Flaubert vu par Marcel Proust

Marcel Proust, « À propos du style de Flaubert », 1920

« J’ai été stupéfait, je l’avoue, de voir traiter de peu doué pour écrire un homme qui, par l’usage entièrement nouveau et personnel qu’il a fait du passé défini, du passé indéfini, du participe présent, de certains pronoms et de certaines prépositions, a renouvelé presque autant notre vision des choses que Kant, avec ses Catégories […].
Et il n’est pas possible à qui est un jour monté sur ce grand Trottoir roulant que sont les pages de Flaubert, au défilement continu, monotone, morne, indéfini, de méconnaître qu’elles sont sans précédent dans la littérature. […] il y a une beauté grammaticale […] qui n’a rien à voir avec la correction.
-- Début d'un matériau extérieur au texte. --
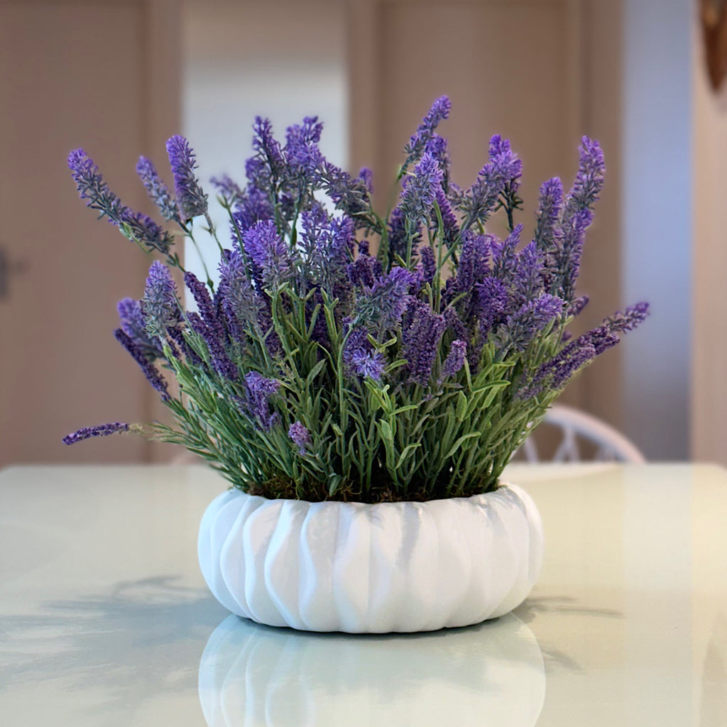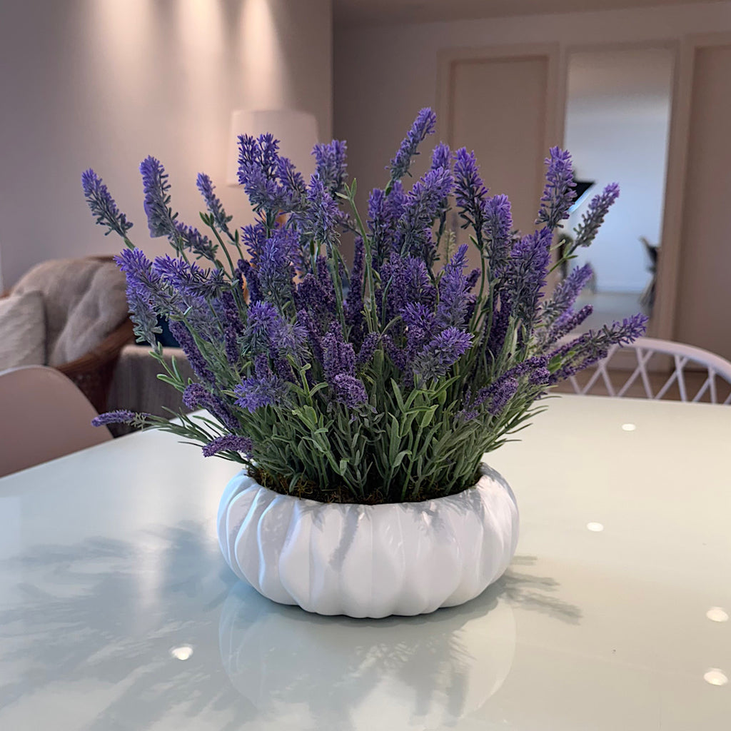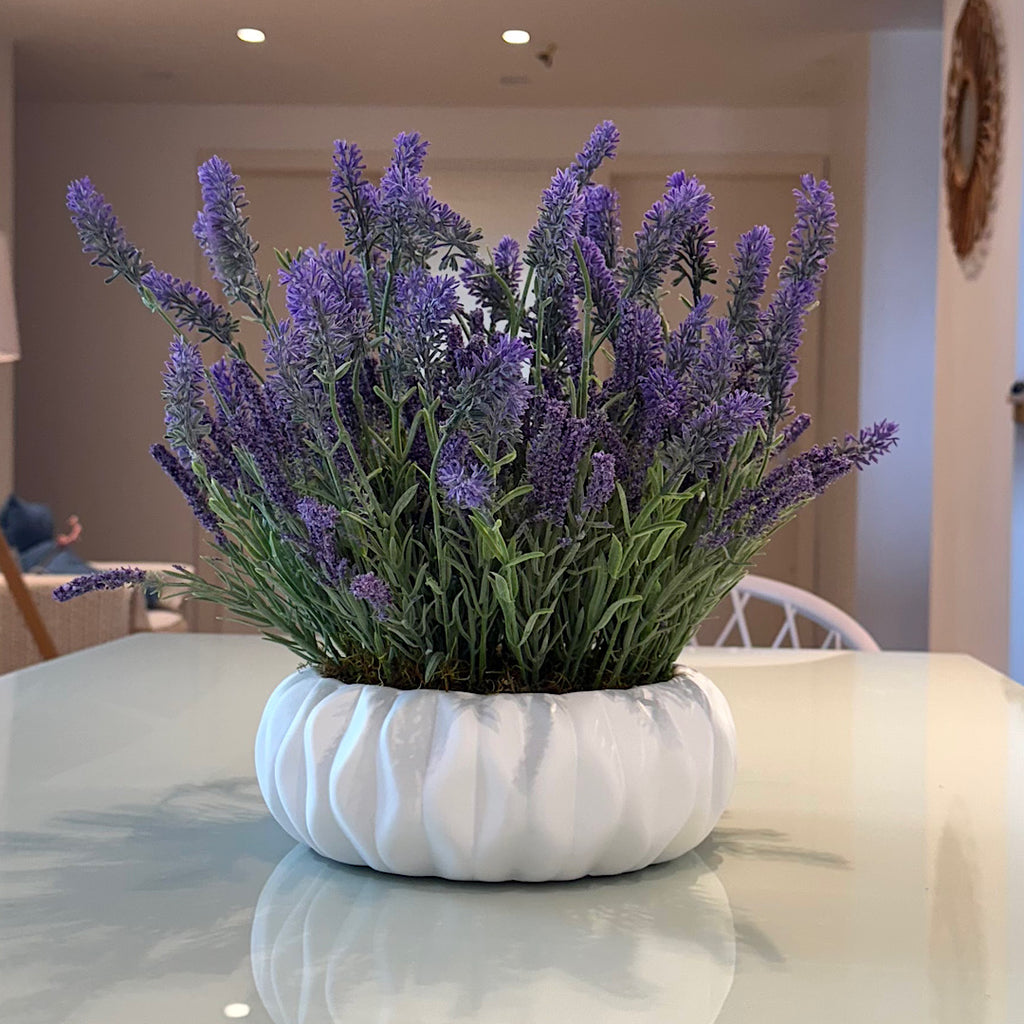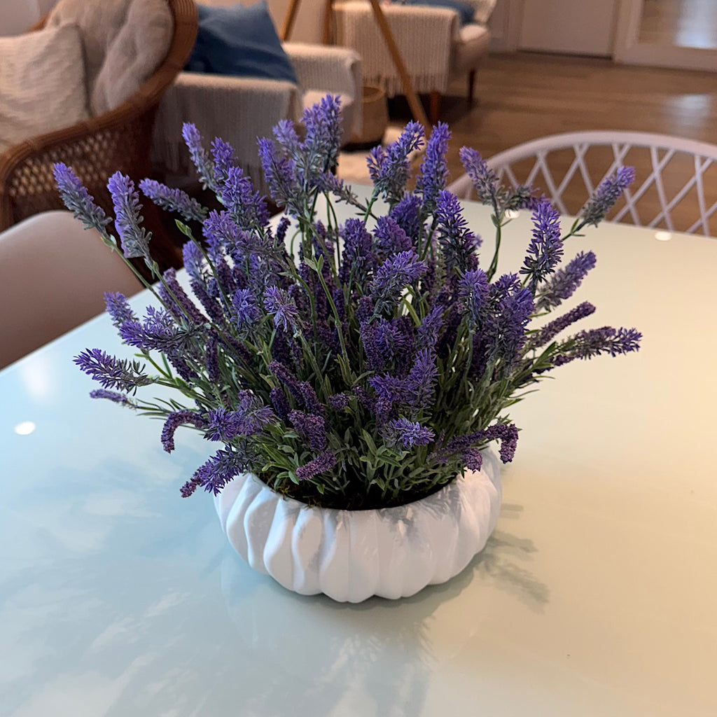 Arranjo pronto (montado) contendo, 1 vaso branco de cerâmica Branco ondulado, e muitos galhos de Lavandas, arranjo bem cheinho mesmo! Pode ser usado como Centro de Mesa de até 8 lugares!

C’est d’une beauté de ce genre que Flaubert devait accoucher laborieusement. […]
Cet imparfait, si nouveau dans la littérature, change entièrement l’aspect des choses et des êtres, comme font une lampe qu’on a déplacée, l’arrivée dans une maison nouvelle, l’ancienne si elle est presque vide et qu’on est en plein déménagement. C’est ce genre de tristesse, fait de la rupture des habitudes et de l’irréalité du décor, que donne le style de Flaubert, ce style si nouveau quand ce ne serait que par là. Cet imparfait sert à rapporter non seulement des paroles mais toute la vie des gens. »

« À propos du style de Flaubert », Nouvelle Revue Française, janvier 1920, Contre Sainte-Beuve, pp. 586-587 et 590.